> Work to complete
When you copy the entries, omit the images and keep every word as it is.

> Information given
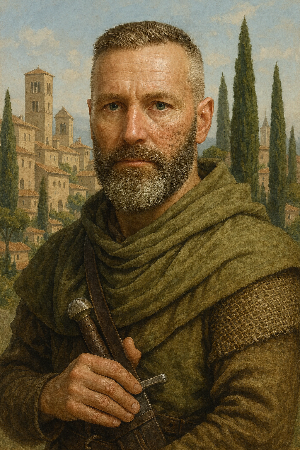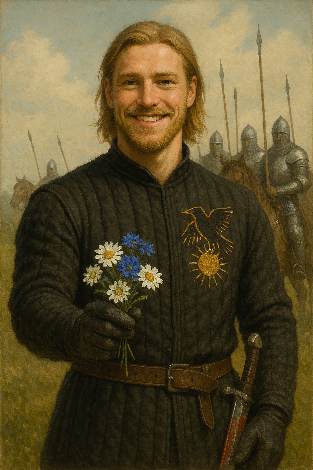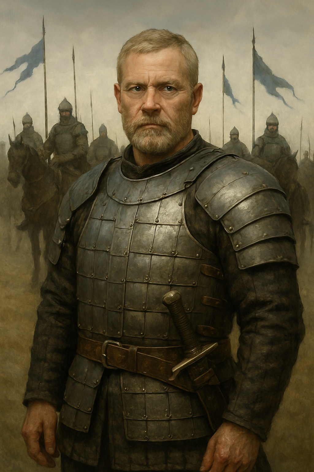 Хра́фнварр Прямой (Ге́раде) – сын Торда Голорукого из младшей побочной ветви дома Скъервир. Ратоводец, много лет занимался делами их дома на юге Дейвоналарды, сражался в распрях Вольных Городов. Вдовец. По слухам жена Гудрун из дома Эвар и сын Бер умерли в моровый год. Проживает в городище Ясеневый Холм на юге Дейвоналарды. На момент начала событий приблизительно 40 лет
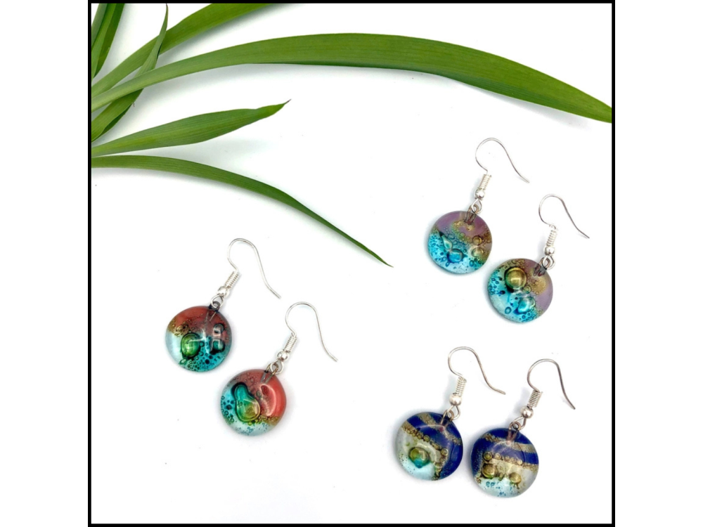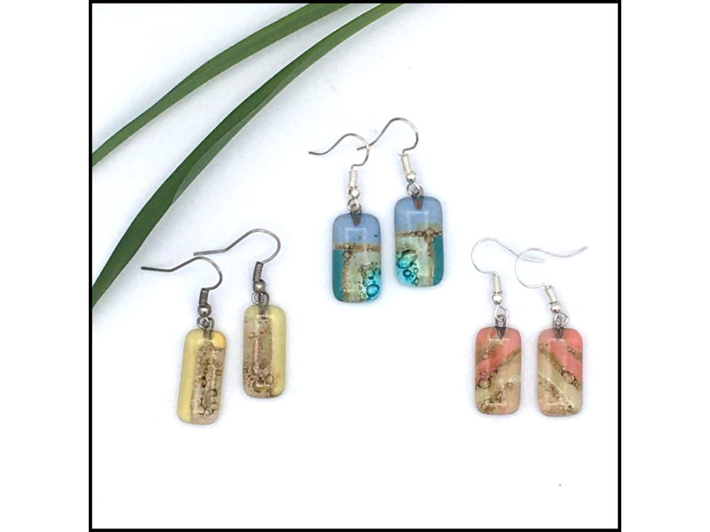 These beautiful fused glass earrings are created from upcycled single windowpane glass by a women's collective in Ecuador. Ear wires are made of surgical stainless steel, uniquely handmade so colors will vary.
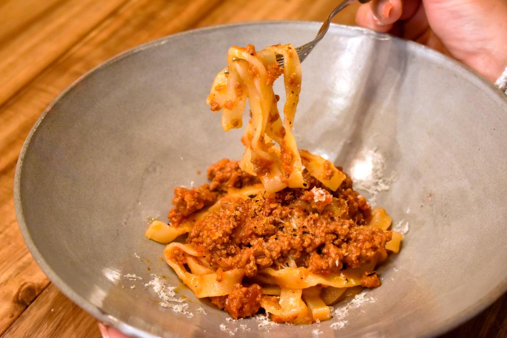 メインには、ほうとうをパスタに見立てたボロネーゼを。
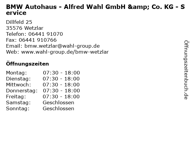 2 BMW Autohaus - Alfred Wahl GmbH & Co. KG - Teile und Zubehör (Entfernung: 0,00 km) Dillfeld 25, 35576 Wetzlar 6  |
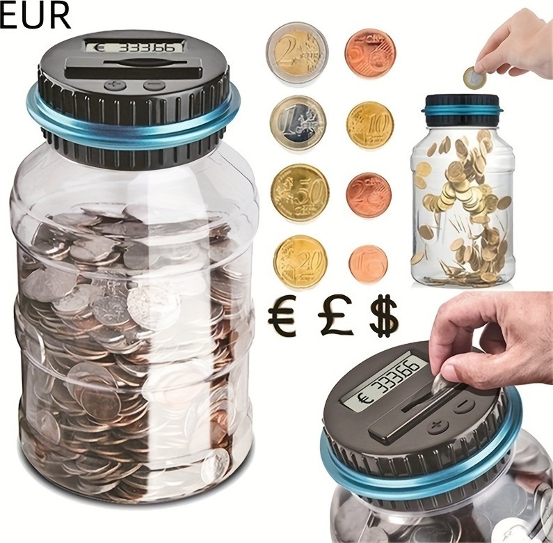 Digitālā monētu skaitītāja krājkase ir praktisks un jautrs veids, kā sekot līdzi saviem ietaupījumiem. Caurspīdīgā burka un skaidrais LCD ekrāns ļauj automātiski saskaitīt katru iemesto monētu un redzēt kopējo summu reāllaikā. Kad ekrāns īslaicīgi izslēdzas, skaitīšanas dati saglabājas – tiek taupīta enerģija, nezaudējot informāciju. Lieliski piemērota gan bērniem, gan pieaugušajiem, kuri vēlas padarīt naudas krāšanu vienkāršu un iedvesmojošu.
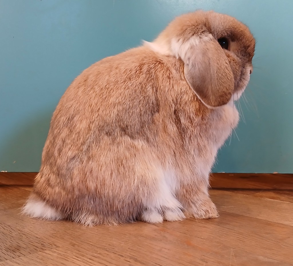 GHH Pretty Plum was also born on / / . She is a full sister to Apricot and is also a great mama. She has a small compact little body with good conformation. She is an Orange, VC. She produces babies with great conformation and beautiful colors. She consistently produces babies who start posing on their own as soon as they are out of the nest. Plum is my spunky girl and gets kind of sassy sometimes. She is a sweet bunny!!
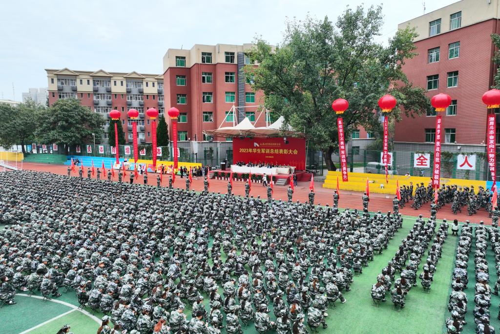 本网讯 9月23日上午,公司在田径运动场隆重举行2023年军训成果汇报暨总结表彰大会。全体在校校领导,各单位负责人、各公司分管员工工作副书记出席大会。2022级员工辅导员、2023级新生辅导员参加大会。2022级、2023级全体参训同学接受检阅。大会由教务处处长刘劲飞主持。
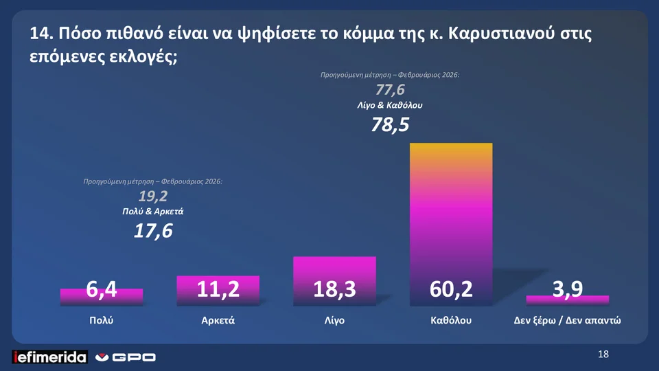 Στο ερώτημα πόσο πιθανό είναι να ψηφίσετε ένα κόμμα της κ. Καρυστιανού στις επόμενες εκλογές, μόνο το 6,4% απαντάει πολύ ενώ το 60,2% δηλώνει «καθόλου» πιθανό
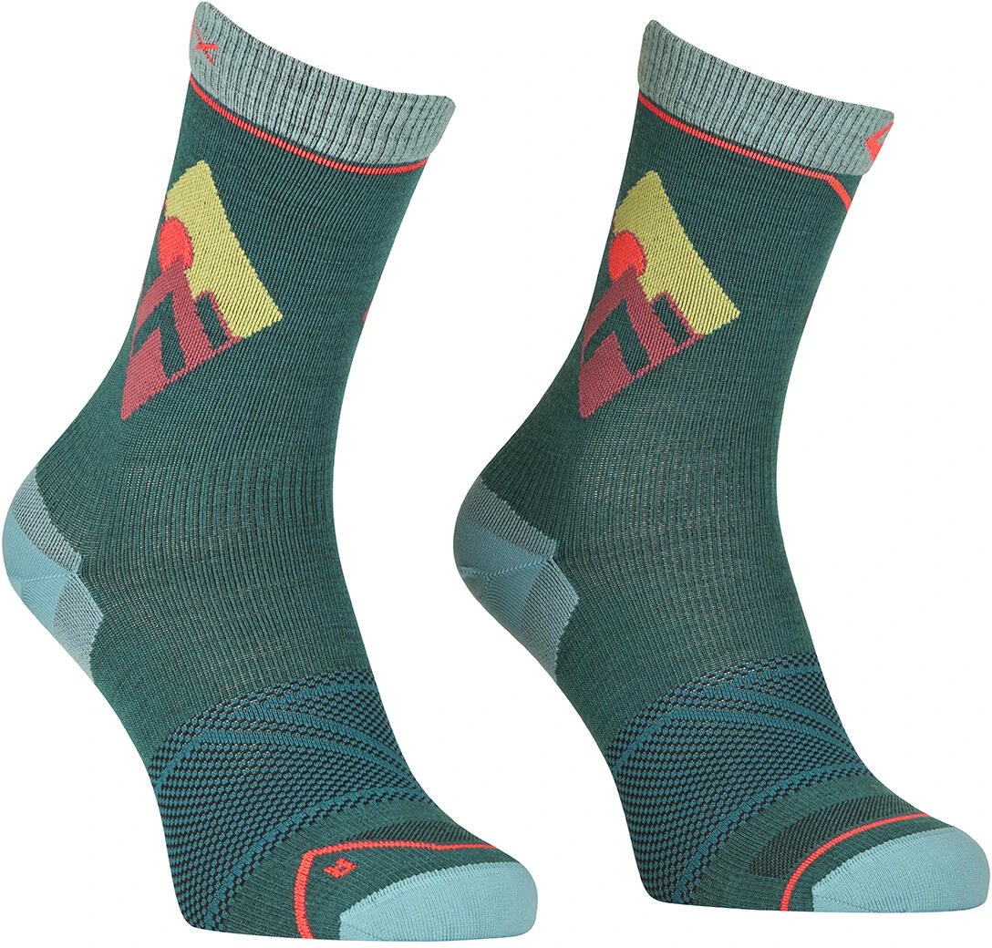 Ortovox Alpine Light Compression Mid Socks W: pánské lehké kompresní ponožky, kompresní účinek je rovnoměrně rozložen od kotníku po lýtko. Dochází tak k správnému prokrvení lýtka a oddálení únavy. Ponožky jsou vyrobené ze směsi vlny Merino, která má výborné termoregulační vlastnosti, odolává zápachu a syntetiky, která prodlouží životnost ponožek. Ponožky skvěle drží, mají ploché švy aby se zabránilo tvorbě puchýřů. Hodí se pro náročné horské letní túry.
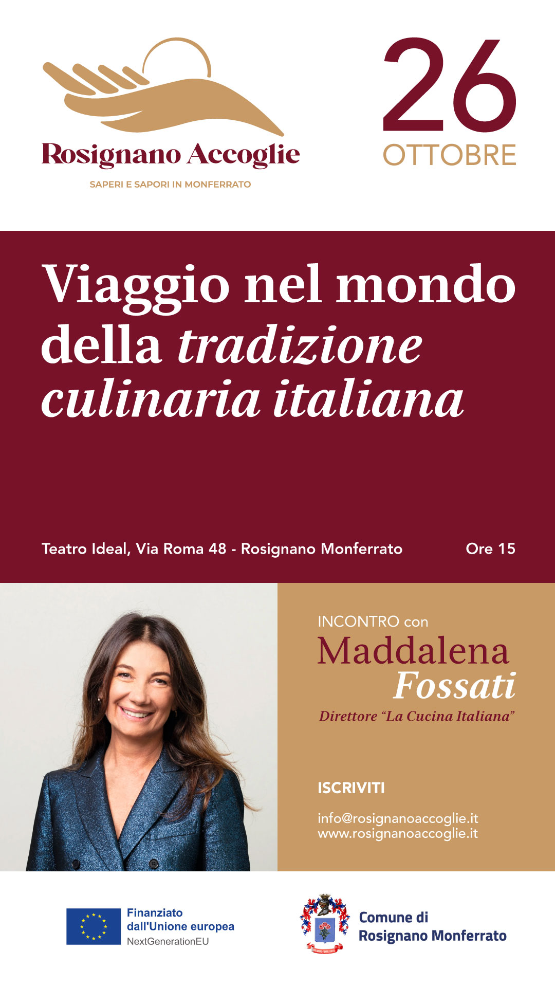L’appuntamento inaugurale sarà sabato 26 ottobre alle ore 15 presso il Teatro Ideal, quando avremo l’onore di ospitare Maddalena Fossati, direttrice del prestigioso mensile La Cucina Italiana. Durante questo incontro, Maddalena ci condurrà attraverso un affascinante viaggio nel mondo della tradizione culinaria italiana, spiegando l’importanza di preservare le nostre ricette e di tramandarle con cura. Un’occasione speciale per riflettere sul valore delle tradizioni gastronomiche del Monferrato e sul ruolo che ognuno di noi può giocare nella loro conservazione.
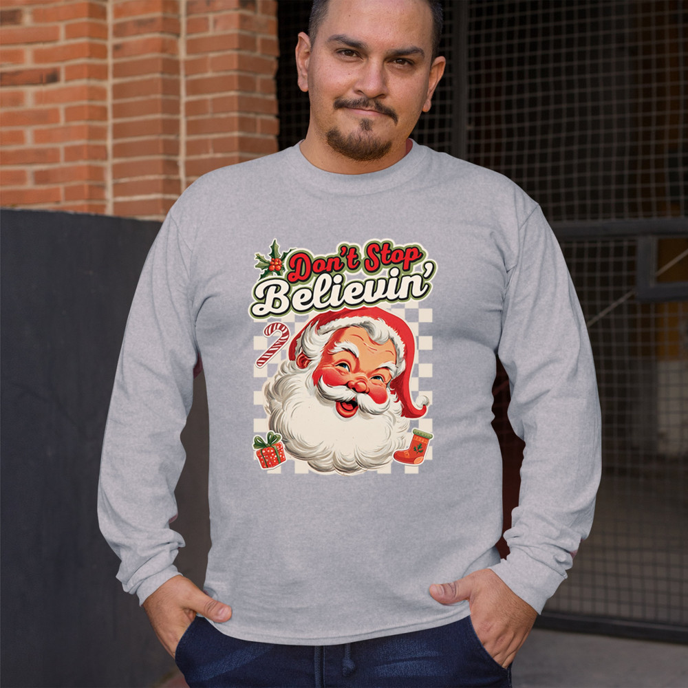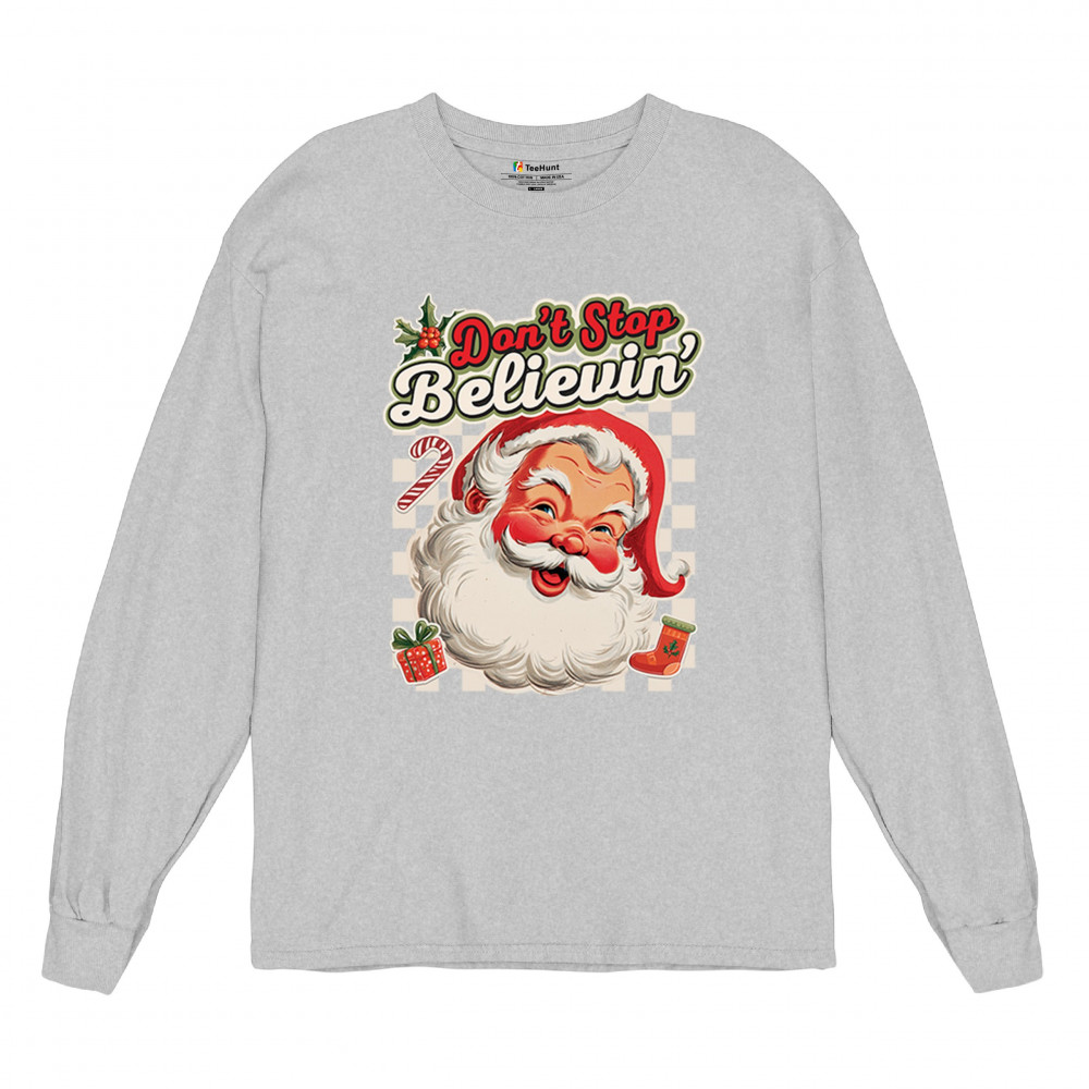 Spread holiday cheer with this “Don’t Stop Believing†Santa Claus shirt that blends classic Christmas spirit with cozy winter charm. Perfect for festive parties, family gatherings, or relaxing by the fire, this design captures Jingle Bells joy, Merry Xmas fun, Santa Claus magic, Reindeer delight, Rudolph glow, Snowman charm, and Christmas tree style for the perfect seasonal outfit.

> Response below
 Хра́фнварр Прямой (Ге́раде) – сын Торда Голорукого из младшей побочной ветви дома Скъервир. Ратоводец, много лет занимался делами их дома на юге Дейвоналарды, сражался в распрях Вольных Городов. Вдовец. По слухам жена Гудрун из дома Эвар и сын Бер умерли в моровый год. Проживает в городище Ясеневый Холм на юге Дейвоналарды. На момент начала событий приблизительно 40 лет
 These beautiful fused glass earrings are created from upcycled single windowpane glass by a women's collective in Ecuador. Ear wires are made of surgical stainless steel, uniquely handmade so colors will vary.
 メインには、ほうとうをパスタに見立てたボロネーゼを。
 2 BMW Autohaus - Alfred Wahl GmbH & Co. KG - Teile und Zubehör (Entfernung: 0,00 km) Dillfeld 25, 35576 Wetzlar 6  |
 Digitālā monētu skaitītāja krājkase ir praktisks un jautrs veids, kā sekot līdzi saviem ietaupījumiem. Caurspīdīgā burka un skaidrais LCD ekrāns ļauj automātiski saskaitīt katru iemesto monētu un redzēt kopējo summu reāllaikā. Kad ekrāns īslaicīgi izslēdzas, skaitīšanas dati saglabājas – tiek taupīta enerģija, nezaudējot informāciju. Lieliski piemērota gan bērniem, gan pieaugušajiem, kuri vēlas padarīt naudas krāšanu vienkāršu un iedvesmojošu.
 GHH Pretty Plum was also born on / / . She is a full sister to Apricot and is also a great mama. She has a small compact little body with good conformation. She is an Orange, VC. She produces babies with great conformation and beautiful colors. She consistently produces babies who start posing on their own as soon as they are out of the nest. Plum is my spunky girl and gets kind of sassy sometimes. She is a sweet bunny!!
 本网讯 9月23日上午,公司在田径运动场隆重举行2023年军训成果汇报暨总结表彰大会。全体在校校领导,各单位负责人、各公司分管员工工作副书记出席大会。2022级员工辅导员、2023级新生辅导员参加大会。2022级、2023级全体参训同学接受检阅。大会由教务处处长刘劲飞主持。
 Στο ερώτημα πόσο πιθανό είναι να ψηφίσετε ένα κόμμα της κ. Καρυστιανού στις επόμενες εκλογές, μόνο το 6,4% απαντάει πολύ ενώ το 60,2% δηλώνει «καθόλου» πιθανό
 Ortovox Alpine Light Compression Mid Socks W: pánské lehké kompresní ponožky, kompresní účinek je rovnoměrně rozložen od kotníku po lýtko. Dochází tak k správnému prokrvení lýtka a oddálení únavy. Ponožky jsou vyrobené ze směsi vlny Merino, která má výborné termoregulační vlastnosti, odolává zápachu a syntetiky, která prodlouží životnost ponožek. Ponožky skvěle drží, mají ploché švy aby se zabránilo tvorbě puchýřů. Hodí se pro náročné horské letní túry.
L’appuntamento inaugurale sarà sabato 26 ottobre alle ore 15 presso il Teatro Ideal, quando avremo l’onore di ospitare Maddalena Fossati, direttrice del prestigioso mensile La Cucina Italiana. Durante questo incontro, Maddalena ci condurrà attraverso un affascinante viaggio nel mondo della tradizione culinaria italiana, spiegando l’importanza di preservare le nostre ricette e di tramandarle con cura. Un’occasione speciale per riflettere sul valore delle tradizioni gastronomiche del Monferrato e sul ruolo che ognuno di noi può giocare nella loro conservazione.
 Spread holiday cheer with this “Don’t Stop Believing†Santa Claus shirt that blends classic Christmas spirit with cozy winter charm. Perfect for festive parties, family gatherings, or relaxing by the fire, this design captures Jingle Bells joy, Merry Xmas fun, Santa Claus magic, Reindeer delight, Rudolph glow, Snowman charm, and Christmas tree style for the perfect seasonal outfit.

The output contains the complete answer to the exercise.